I don't know why this was so hard for me to begin, but it was.  I'll complete the backstory below.  But for now, here's what I did.


I picked up this cigar box from my friend, Carissa.  She and her husband own and run a year round Christmas store in downtown Estes Park, Colorado.  I was surprised when I saw it.  It was much nicer than I expected.  I thought cigar boxes were made of chipboard and hinged with paper and you kept crayons in them.  I guess I need to get out more!  This was a wooden box with pegged hinges.




I gave the box a light sanding and then dry brushed some black paint with the wood grain.  I rubbed in the paint and then waxed it with Annie Sloan dark wax paste, which gave it a rich glow.  It was really amazing how just these simple steps transformed the look.

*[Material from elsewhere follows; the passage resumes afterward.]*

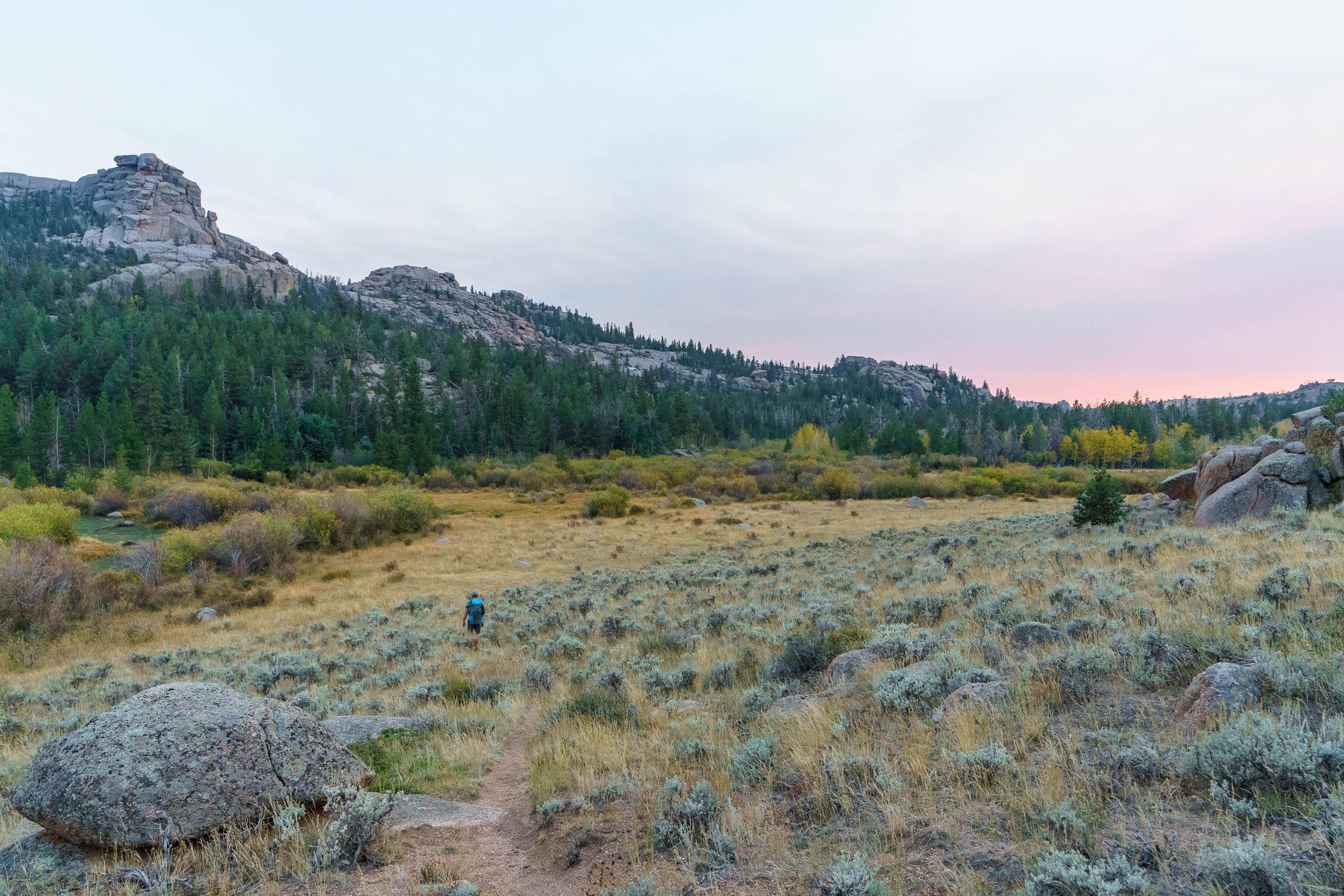 Fall's arrival; fire near the state line; sunset and Sherman granite.

I lined the inside with Tim Holtz Crowded Attic Paper Stash papers.  My husband cut me some short walnut pegs for the corners on which to suspend a shelf.


This was to be a Memory Box for Carissa's little boy, Tavin.  Tavin was just a baby when his grandfather suddenly passed away.  He was a wonderful, fun loving family man and the whole community was saddened at the loss.  Hopefully, this will help Tavin know his granddad a little bit with pictures and mementoes that will prompt stories of the things he loved from the people who loved him.

I put a picture on top that is the only picture taken of Tavin with his grandfather.  The hinges at the top are non functioning, decorative only.  The word band says "know in your heart that you are loved" and the little heart charm says "beyond measure".  Double click on any of these pictures for a closer look.


I covered a piece of chipboard cut to fit just inside the box with Sticky Back Canvas with an image transferred from another page from Crowded Attic.  If you haven't done image transfers with SBC, here's a video tutorial showing you how.


I put Tim Holtz' Hinge Fasteners in the corners for a lifting mechanism.  I collaged a few bits of memorabilia to the shelf and some loose items for story prompts about Carissa's dad. He loved to play squash and loved to drink Jack Daniels and smoke cigars.  One of Carissa's fond memories is of her dad making her pancakes on Saturday mornings while they listened to the Beatles.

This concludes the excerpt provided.